Kapolsek Bungku Barat, Iptu Gigih Winanda, menyebut pengungkapan ini berawal dari laporan warga pada pukul 07.00 WITA. Korban kehilangan motor saat kendaraannya diparkir di pinggir Pantai Desa Wata pada dini hari sekitar pukul 00.30 WITA.
"Kami terus berkomitmen menjaga keamanan serta menindak tegas setiap pelanggaran hukum di wilayah hukum Polsek Bungku Barat dan sekitarnya. Keberhasilan ini berkat dukungan informasi dari masyarakat serta kesiapsiagaan personel di lapangan," ujar Iptu Gigih Winanda.
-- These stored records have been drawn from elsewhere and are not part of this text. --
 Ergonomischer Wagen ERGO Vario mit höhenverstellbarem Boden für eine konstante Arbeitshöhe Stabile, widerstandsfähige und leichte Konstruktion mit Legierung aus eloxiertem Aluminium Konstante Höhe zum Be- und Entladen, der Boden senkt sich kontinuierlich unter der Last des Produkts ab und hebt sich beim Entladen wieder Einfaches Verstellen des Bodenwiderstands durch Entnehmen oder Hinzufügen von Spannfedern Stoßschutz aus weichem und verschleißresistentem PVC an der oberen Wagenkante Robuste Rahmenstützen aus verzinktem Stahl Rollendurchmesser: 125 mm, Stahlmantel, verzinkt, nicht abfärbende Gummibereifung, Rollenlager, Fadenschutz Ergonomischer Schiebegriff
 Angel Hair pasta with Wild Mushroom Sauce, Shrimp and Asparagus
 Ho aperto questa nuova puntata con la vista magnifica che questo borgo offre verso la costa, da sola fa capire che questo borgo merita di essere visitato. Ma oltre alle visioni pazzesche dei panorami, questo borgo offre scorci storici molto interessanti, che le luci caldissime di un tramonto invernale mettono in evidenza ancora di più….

Penelusuran petugas membuahkan hasil pada pukul 13.30 WITA. Motor curian ditemukan terparkir di bawah sebatang pohon di lorong persawahan Desa Harapan Jaya, Kecamatan Bumi Raya. Tim Reskrim yang melakukan pengawasan terselubung kemudian melihat dua pemuda berboncengan mendekati lokasi.
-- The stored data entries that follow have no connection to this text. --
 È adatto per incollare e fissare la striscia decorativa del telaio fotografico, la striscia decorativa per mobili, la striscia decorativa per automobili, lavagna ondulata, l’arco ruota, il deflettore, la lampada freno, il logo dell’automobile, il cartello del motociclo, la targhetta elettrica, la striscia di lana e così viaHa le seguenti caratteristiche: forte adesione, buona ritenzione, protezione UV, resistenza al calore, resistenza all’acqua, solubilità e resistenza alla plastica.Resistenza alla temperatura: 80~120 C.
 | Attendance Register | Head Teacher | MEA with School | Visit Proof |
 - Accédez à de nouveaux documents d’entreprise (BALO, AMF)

Gerak-gerik keduanya yang mencurigakan langsung direspons dengan penyergapan. Dari tangan pelaku, polisi menyita sejumlah perkakas yang diduga digunakan untuk beraksi, seperti gunting, korek api, dan potongan kabel.
Hasil interogasi awal mengungkap peran masing-masing tersangka. W mengakui aksinya bersama B, sehingga tim bergerak menjemput B di Desa Wata pada pukul 18.00 WITA. Kedua tersangka kini telah digelandang ke Markas Polsek Bungku Barat untuk menjalani proses penyidikan lebih lanjut.
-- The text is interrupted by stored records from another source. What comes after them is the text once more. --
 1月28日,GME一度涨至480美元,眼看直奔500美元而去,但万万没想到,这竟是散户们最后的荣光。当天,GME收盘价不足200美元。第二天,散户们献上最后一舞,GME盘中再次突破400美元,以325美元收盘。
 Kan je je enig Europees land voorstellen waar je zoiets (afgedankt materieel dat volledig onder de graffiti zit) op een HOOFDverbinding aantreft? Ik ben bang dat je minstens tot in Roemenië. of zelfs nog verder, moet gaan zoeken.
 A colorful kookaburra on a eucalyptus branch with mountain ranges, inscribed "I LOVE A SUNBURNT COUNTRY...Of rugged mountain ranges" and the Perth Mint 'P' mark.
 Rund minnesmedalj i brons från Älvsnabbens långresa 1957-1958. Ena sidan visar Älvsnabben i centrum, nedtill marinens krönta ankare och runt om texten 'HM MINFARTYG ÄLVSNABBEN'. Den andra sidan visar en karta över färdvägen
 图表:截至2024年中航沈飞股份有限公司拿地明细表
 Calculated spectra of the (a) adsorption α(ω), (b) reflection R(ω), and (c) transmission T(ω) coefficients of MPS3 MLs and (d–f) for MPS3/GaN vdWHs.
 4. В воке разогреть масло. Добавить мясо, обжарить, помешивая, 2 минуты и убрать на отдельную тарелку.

Status residivis salah satu pelaku menjadi catatan penting dalam pengembangan kasus. Pihak kepolisian masih mendalami kemungkinan keterlibatan keduanya dalam aksi pencurian lain di wilayah Morowali dan sekitarnya.
Kasus ini menjadi pengingat bagi pemilik kendaraan untuk lebih waspada saat memarkirkan motor di area publik, terutama pada malam hari. Warga yang menjadi korban tindak kriminal diimbau segera melapor ke kantor polisi terdekat agar penanganan bisa dilakukan cepat.